Below are records; output exactly the lines from the one with "多動症やからー。さっそく予約" through their final line.
Segment Start: Dataset records
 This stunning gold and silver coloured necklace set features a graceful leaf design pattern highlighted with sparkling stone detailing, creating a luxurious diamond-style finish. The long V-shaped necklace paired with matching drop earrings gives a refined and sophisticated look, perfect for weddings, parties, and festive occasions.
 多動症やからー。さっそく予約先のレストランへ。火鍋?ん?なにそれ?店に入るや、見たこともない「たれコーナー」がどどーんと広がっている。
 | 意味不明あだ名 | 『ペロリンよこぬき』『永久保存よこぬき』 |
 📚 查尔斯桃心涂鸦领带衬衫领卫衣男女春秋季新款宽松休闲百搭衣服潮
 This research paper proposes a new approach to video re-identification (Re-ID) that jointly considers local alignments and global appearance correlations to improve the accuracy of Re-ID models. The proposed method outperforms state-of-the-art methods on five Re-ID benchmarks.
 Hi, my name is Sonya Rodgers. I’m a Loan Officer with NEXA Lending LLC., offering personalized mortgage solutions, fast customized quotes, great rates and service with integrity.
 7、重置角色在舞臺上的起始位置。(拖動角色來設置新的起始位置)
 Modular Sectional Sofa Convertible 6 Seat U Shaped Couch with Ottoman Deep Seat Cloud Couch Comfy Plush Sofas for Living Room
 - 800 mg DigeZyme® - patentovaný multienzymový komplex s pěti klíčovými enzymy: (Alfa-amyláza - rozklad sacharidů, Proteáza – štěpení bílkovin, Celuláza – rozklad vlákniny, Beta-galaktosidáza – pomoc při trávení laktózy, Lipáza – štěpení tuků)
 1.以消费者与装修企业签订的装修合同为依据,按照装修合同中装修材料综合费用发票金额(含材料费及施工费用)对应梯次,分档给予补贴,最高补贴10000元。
Segment End: Dataset records
» Answer section
 多動症やからー。さっそく予約先のレストランへ。火鍋?ん?なにそれ?店に入るや、見たこともない「たれコーナー」がどどーんと広がっている。
 | 意味不明あだ名 | 『ペロリンよこぬき』『永久保存よこぬき』 |
 📚 查尔斯桃心涂鸦领带衬衫领卫衣男女春秋季新款宽松休闲百搭衣服潮
 This research paper proposes a new approach to video re-identification (Re-ID) that jointly considers local alignments and global appearance correlations to improve the accuracy of Re-ID models. The proposed method outperforms state-of-the-art methods on five Re-ID benchmarks.
 Hi, my name is Sonya Rodgers. I’m a Loan Officer with NEXA Lending LLC., offering personalized mortgage solutions, fast customized quotes, great rates and service with integrity.
 7、重置角色在舞臺上的起始位置。(拖動角色來設置新的起始位置)
 Modular Sectional Sofa Convertible 6 Seat U Shaped Couch with Ottoman Deep Seat Cloud Couch Comfy Plush Sofas for Living Room
 - 800 mg DigeZyme® - patentovaný multienzymový komplex s pěti klíčovými enzymy: (Alfa-amyláza - rozklad sacharidů, Proteáza – štěpení bílkovin, Celuláza – rozklad vlákniny, Beta-galaktosidáza – pomoc při trávení laktózy, Lipáza – štěpení tuků)
 1.以消费者与装修企业签订的装修合同为依据,按照装修合同中装修材料综合费用发票金额(含材料费及施工费用)对应梯次,分档给予补贴,最高补贴10000元。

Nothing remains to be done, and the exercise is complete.